O texto explica como os banqueiros lançam mão de artifícios, como o de descontar prejuízos de exercícios anteriores, para pagar menos imposto que quem vive de salário. ”As instituições financeiras têm aproveitado todas as brechas legais, inclusive fazendo interpretações próprias da legislação, para escaparem do seu dever tributário”, prossegue. Mostra que no ano passado, em termos reais, as instituições financeiras recolheram penos PIS (queda de 5,74%) e menos Cofins (13,08% a menos), usando, entre outros recursos, uma brecha criada pela Lei 9.718/98.
”Renúncia fiscal a favor da renda do capital”
Nem só os banqueiros comparecem no levantamento do Unafisco como beneficiários de mágicas tributárias. Empresas estrangeiras, diz o texto, optaram pela remessa de juros sobre capital próprio para aproveitar o real supervalorizado e enviar recursos para fora do país. Há também a isenção de imposto de renda na remessa de lucros e dividendos ao exterior. Outros grandes capitais tiraram partido da dedução de juros sobre o capital. O estratagema, ”único no mundo”, é socialmente perverso, ”porque o rendimento do capital acaba não sendo submetido à tributação progressiva, mas apenas à proporcionalidade, o que fere os princípios da igualdade e da progressividade estabelecidos pela Constituição Brasileira de 1988”.
Já a arrecadação do Imposto de Renda Retido na Fonte (IRRF) sobre os Rendimentos do Trabalho alcançou R$ 39,6 bilhões no ano passado, um aumento de 5,5% acima da inflação, acima também do crescimento da massa salarial, que foi de 5,04%, apesar do reajuste de 8% na tabela do IR.

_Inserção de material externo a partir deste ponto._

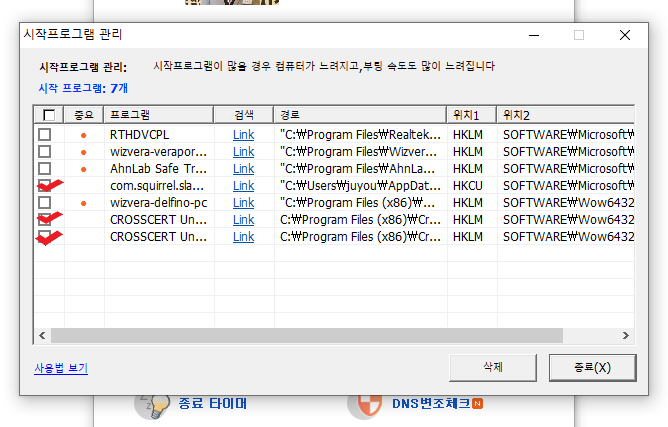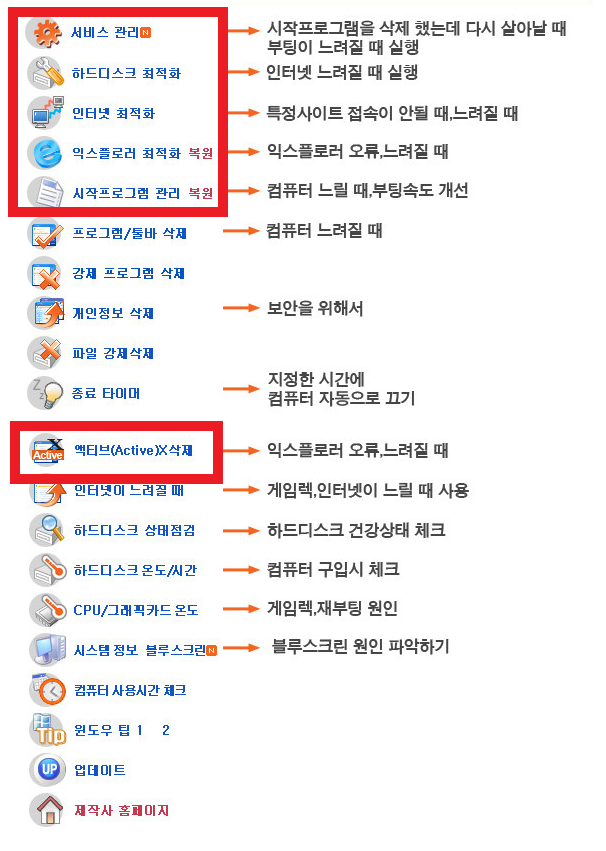 - 시작프로그램 관리는 필요하지 않은 시작프로그램을 관리하여 불필요한 리소스 낭비를 막아줍니다. 시작 프로그램이 많을 경우 컴퓨터가 느려지고 부팅속도 저하의 원인이 됩니다. 여기서 중요한 것은 중요 부분의 오렌지색으로 표시되어 있는 것들을 제외하고 삭제하시기 바랍니다. 오렌지 삭제 시 컴퓨터 오류를 발생시킬 수 있다고 합니다.

Conclusão do estudo técnico: ”O Estado brasileiro vem praticando uma renúncia fiscal a favor da renda do capital”. Foi o que Adib Jatene disse, com menos números e mais ênfase, ao apontar o dedo para o presidente da Fiesp. Isto é também o que será preciso discutir, para começo de conversa, no dia em que o Brasil tiver a coragem de enfrentar para valer a questão crucial da reforma tributária. Para começo de conversa, porque Jatene, ao passar sua descompostura em Skaf, menciona também a taxação da riqueza e da herança, que trabalho do Unafisco não menciona.
Por Bernardo Joffily
Site do PC do B
Rizzolo: É como eu sempre digo, e fico feliz ao saber que o Dr. Jatene, pai da CPMF, cerra fileira na luta contra o egoísmo perverso da elite, principalmente paulistana, que não gosta de pagar imposto, é insensível à população pobre, e tentar golpear o governo e aos avanços sociais. Como é possível, o camarada empresário, (e não estou falando especificamente do Skaf) que não sabe o que é miséria, tem a sua disposição os melhores médicos, viaja ao exterior à vontade, disponibiliza as melhores escolas aos seus filhos, se alimenta adequadamente, gasta com roupas de grife, tem empregados que lhe servem, e ainda, não quer pagar impostos ? Ou se quer, quer um tipo de imposto que ele possa sonegar, enganar, dissimular a União para que não transfira essa renda ao pobre. Isso é justo? Não, isso é antipatriótico, amoral, e merece um dedo em riste sim, ou voltar ater aulas de catecismo, na primeira igreja que encontrar. Vergonhoso, não?